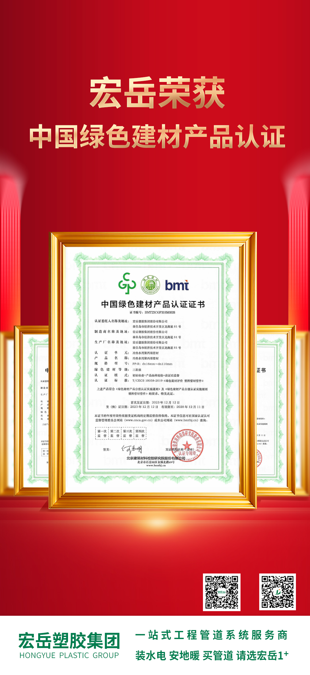安博官方网页版获得中国绿色建材产品认证,本次认证对PPR、PVC、PE、PE-Xa、PE-RT管材管件等11个单元的系列产品,以环保、节能、节水、循环、低碳等评价维度进行了相关审核,安博官方网页版顺利通过。
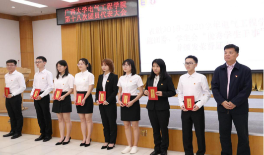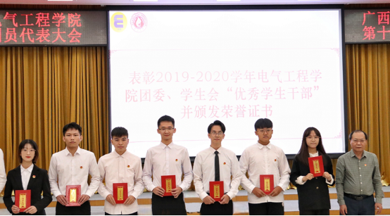 在等待统票结果的同时,主持人宣读了《2019-2020学年电气工程学院团委、学生会“优秀学生干事”表彰决定》及《2019-2020学年电气工程学院团委、学生会“优秀学生干部”表彰决定》。梁京章书记和梁志坚副书记为获奖代表颁发荣誉证书,并合影留念。
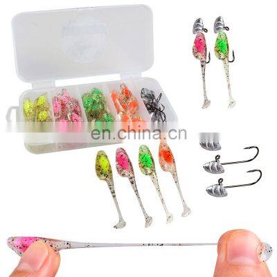JOHNCOO 4.5cm 0.9g High Quality TPE Material T Tail Paddle Crappie Shad Bait Set Small Fishing Lure

## Exercise directions
Your copy of the material above should be exact and free of pictures.

## Exercise result
安博官方网页版获得中国绿色建材产品认证,本次认证对PPR、PVC、PE、PE-Xa、PE-RT管材管件等11个单元的系列产品,以环保、节能、节水、循环、低碳等评价维度进行了相关审核,安博官方网页版顺利通过。
 在等待统票结果的同时,主持人宣读了《2019-2020学年电气工程学院团委、学生会“优秀学生干事”表彰决定》及《2019-2020学年电气工程学院团委、学生会“优秀学生干部”表彰决定》。梁京章书记和梁志坚副书记为获奖代表颁发荣誉证书,并合影留念。
JOHNCOO 4.5cm 0.9g High Quality TPE Material T Tail Paddle Crappie Shad Bait Set Small Fishing Lure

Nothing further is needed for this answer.